Eastman Chemical Company is a global manufacturer of polymers, fibers, coatings, additives, solvents, adhesives, and many
other products. Gas chromatography–mass spectrometry (GC–MS) and liquid chromatography–mass spectrometry (LC–MS) have proven
to be essential for characterizing our company's products and those of other companies. With reasonable effort, we routinely
and reliably obtain mass spectral data from these highly sensitive and yet robust techniques. However, unless the data can
be converted into structural information, it is not useful as a knowledge base to resolve the analytical problem at hand.

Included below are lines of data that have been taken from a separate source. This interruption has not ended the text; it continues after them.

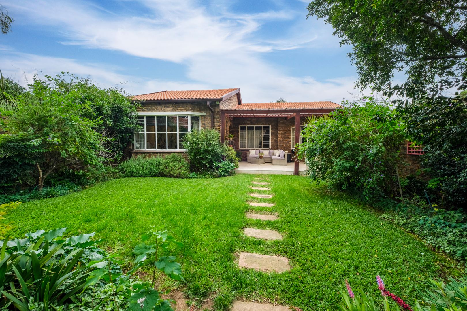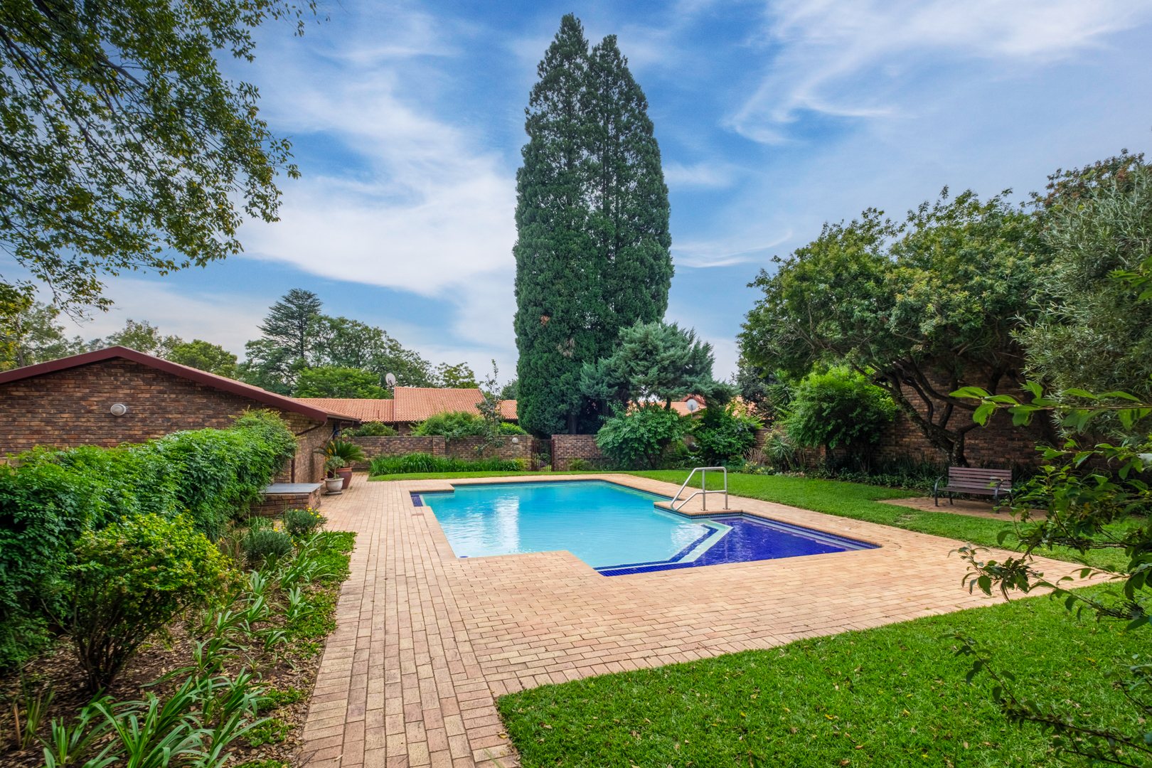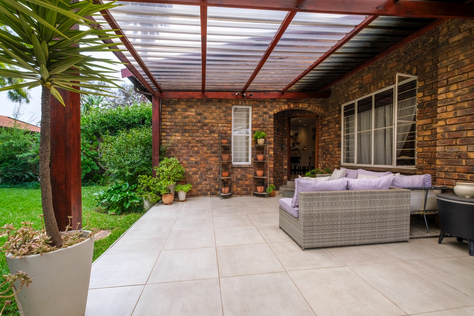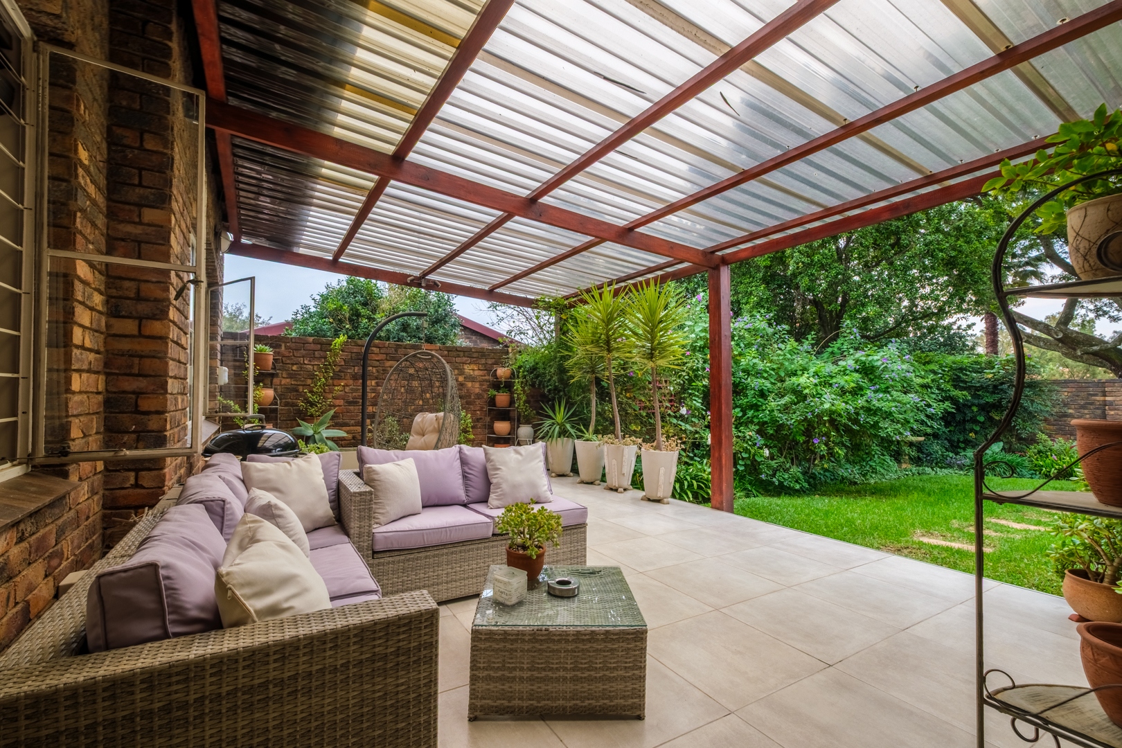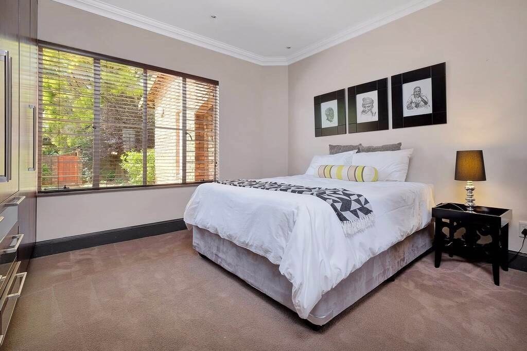 Discover this charming 121 sqm residence nestled within a secure gated community in River Club, Sandton. This inviting home offers a harmonious blend of comfortable living and outdoor enjoyment, perfect for those seeking a tranquil yet connected lifestyle. The property's kerb appeal is enhanced by its well-maintained garden and the welcoming covered patio, setting the stage for a delightful living experience. Step inside to an open-plan layout that seamlessly connects the modern kitchen with the lounge area. The kitchen is a highlight, featuring a large granite island with seating, ample granite countertop space, stylish dark wood cabinetry, and modern stainless steel appliances, including a stove and range hood. Tiled flooring extends throughout, ensuring easy maintenance and a cohesive aesthetic. The home comprises two comfortable bedrooms and two bathrooms, with one being an en-suite, providing privacy and convenience. Each space is designed for relaxation, offering a peaceful retreat after a busy day. Outdoor living is a true pleasure here, with a spacious covered patio that serves as an ideal setting for entertaining or quiet relaxation. This area, complete with comfortable outdoor seating and a BBQ grill, overlooks a lush, private garden, creating a serene oasis. Residents also benefit from access to a communal pool, perfect for cooling off on warm days. Pets are allowed, making this an ideal home for animal lovers. Security is paramount within this complex, featuring an access gate and burglar bars for peace of mind. The property is also fibre-ready, ensuring high-speed internet connectivity. With one garage and two additional parking spaces, convenience is assured. Located in the desirable River Club, Sandton, this home offers a superb opportunity for a balanced lifestyle. Key Features: * 121 sqm Floor Size * 2 Bedrooms, 2 Bathrooms (1 En-suite) * Open-Plan Kitchen with Granite Island * Spacious Covered Patio with Garden Access * Communal Pool Access * 1 Garage, 2 Parking Spaces * Gated Community with Access Gate and Burglar Bars * Fibre Ready * Pets Allowed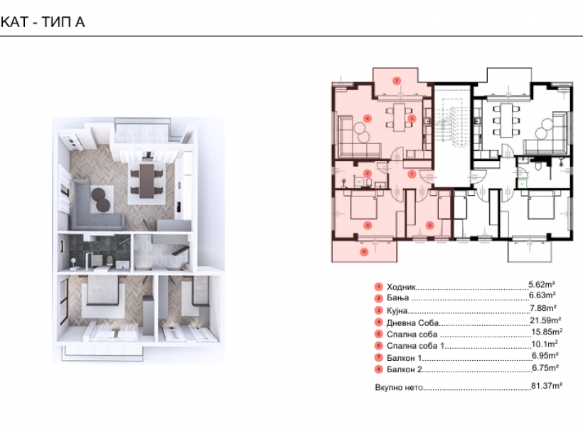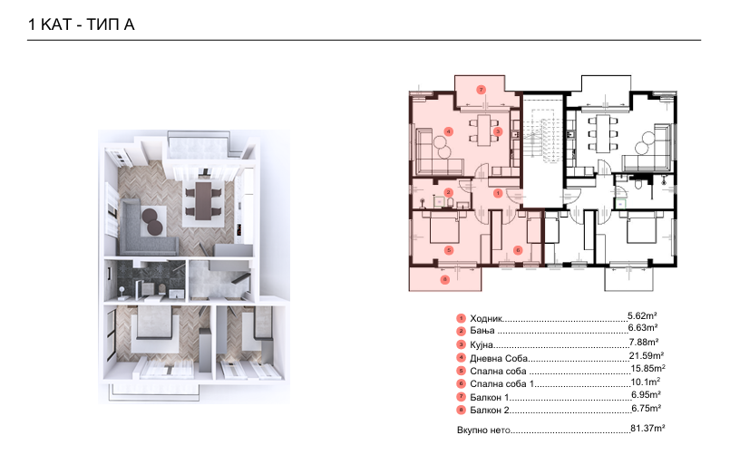 81 m² Соби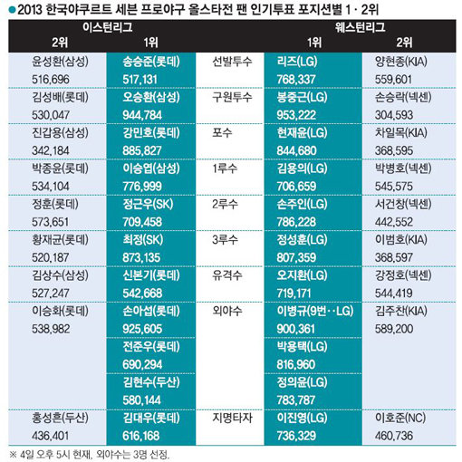 ‘2013 한국야쿠르트 세븐 프로야구 올스타전’이 19일 포항구장에서 열린다. ‘별들의 잔치’ 올스타전은 말 그대로 리그를 대표하는 스타플레이어들이 한 구장에 모여 실력을 뽐내는 무대다. 그러나 지난해 롯데에 이어 올해 LG가 전 포지션을 독식하면서 올스타 팬 인기투표 방식에 대한 논란이 재현되고 있다. 팬 투표의 특성상 어쩔 수 없이 받아들여야 한다는 의견도 있지만, 개선책을 찾아야 하는 것 아니냐는 목소리도 적잖다.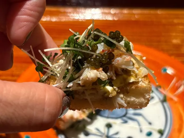 「毛蟹、キャビア」焼いたパンの上にマスカルポーネを塗り、蟹味噌、ほぐした蟹の身、キャビアとともにいただきます。先ほどの春巻きもそうですが、素材そのもののおいしさをいただく調理法の合間に、揚げ物や濃い目の味付けで変化をつけられているので、コースの流れにメリハリが出てとても心地よくいただけました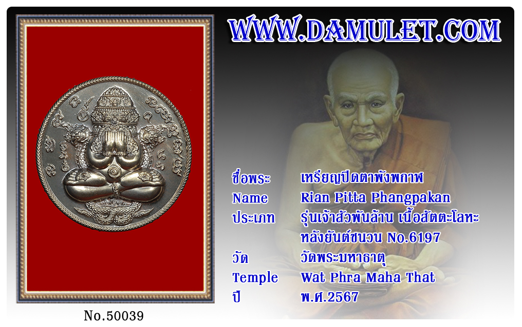 ประเภท : รุ่นเจ้าสัวพันล้าน เนื้อสัตตะโลหะ หลังยันต์ชนวน No.6197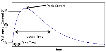 系統(tǒng)所經(jīng)歷的電氣應(yīng)力是各種各樣的: 有納秒上升時間且持續(xù)數(shù)以10計的安培電流的靜電放電(ESD)應(yīng)力;有微秒上升時間且持續(xù)數(shù)以萬計的安培電流的閃電應(yīng)力。對可以想到的現(xiàn)實世界中的每一種應(yīng)力都進(jìn)行產(chǎn)品測量是不可能的。所以標(biāo)準(zhǔn)機(jī)構(gòu)制定了針對每個特定的應(yīng)力威脅制定了專門的測試標(biāo)準(zhǔn)。這些標(biāo)準(zhǔn)以電壓和電流波形的形式來表示應(yīng)力。最常見的一種應(yīng)力波形就是圖示的雙指數(shù)波形。典型的電壓波型是被理解成開路,而典型的電流波型是被理解為短路。通常一個波形的參數(shù)包括峰值電壓、峰值電流、上升時間(通常是峰值時間的10%到90%)以及衰減時間(峰值時間的50%)。標(biāo)準(zhǔn)同樣規(guī)定了如何把應(yīng)力波形應(yīng)用到實際的被測試的設(shè)備以及通過或者未通過測試的準(zhǔn)則。這就確保了測試結(jié)果可以被任何一個做此種測試的人重現(xiàn)出來,并且通過這個測試的系統(tǒng)可以可靠地工作。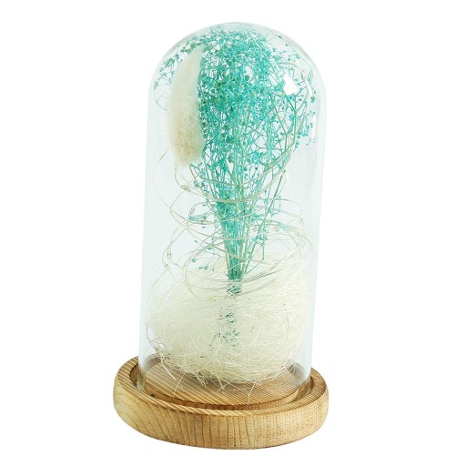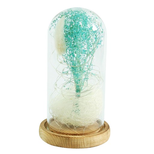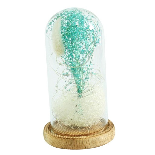 Світлодіодна настільна лампа зі скляним куполом із сухими квітами, зелена

In the last 34 years, we developed and refined a systematic process (1,2) for the identification of nontargeted species using
GC–MS and LC–MS analyses. We refer to these types of species as "known unknowns" — that is, species known in the chemical
literature or MS reference databases, but unknown to the investigator. The essence of the process is finding candidate structures
by searching mass spectral databases, Chemical Abstract Services databases, and ChemSpider databases. Figure 1 presents a
simplified flowchart of the overall process; the subsequent sections discuss individual steps and illustrate three examples
in the identification of known unknowns.
Figure 1: Simplified flowchart for identifying "known unknowns." MF = molecular formula and MW = molecular weight.
Computer-Searchable Mass Spectral Databases
The first step in the process is computer searching of spectra against mass spectral databases. This approach (3) is very
powerful and efficient for the identification of unknowns typically requiring 3–5 s for each component in a mixture. Electron
ionization (EI) databases are used for identifying compounds in GC–MS analyses, and collision-induced dissociation (CID) databases
are used for LC–MS analyses. The databases are purchased from commercial sources or are created from compounds characterized
at our company (see Table I).
Table I: Spectra with associated structures searched with NIST search software
The results of the EI mass spectral searches are normally more successful than CID searches for two reasons. First, the number
of entries in EI databases for GC–MS is approximately 10 times larger than that for CID databases for LC–MS. Second, 70-eV
EI spectra are much more reproducible than CID spectra, which can vary significantly depending on instrument design and user-specified
NIST MS Search Software as Eastman Corporate Standard
We adopted the National Institute of Standards and Technology (NIST) MS Search program as our corporate standard for searching
mass spectral databases for the following reasons:
- Searches both EI and CID databases
- Performs fast EI searches with essentially no false negatives (3)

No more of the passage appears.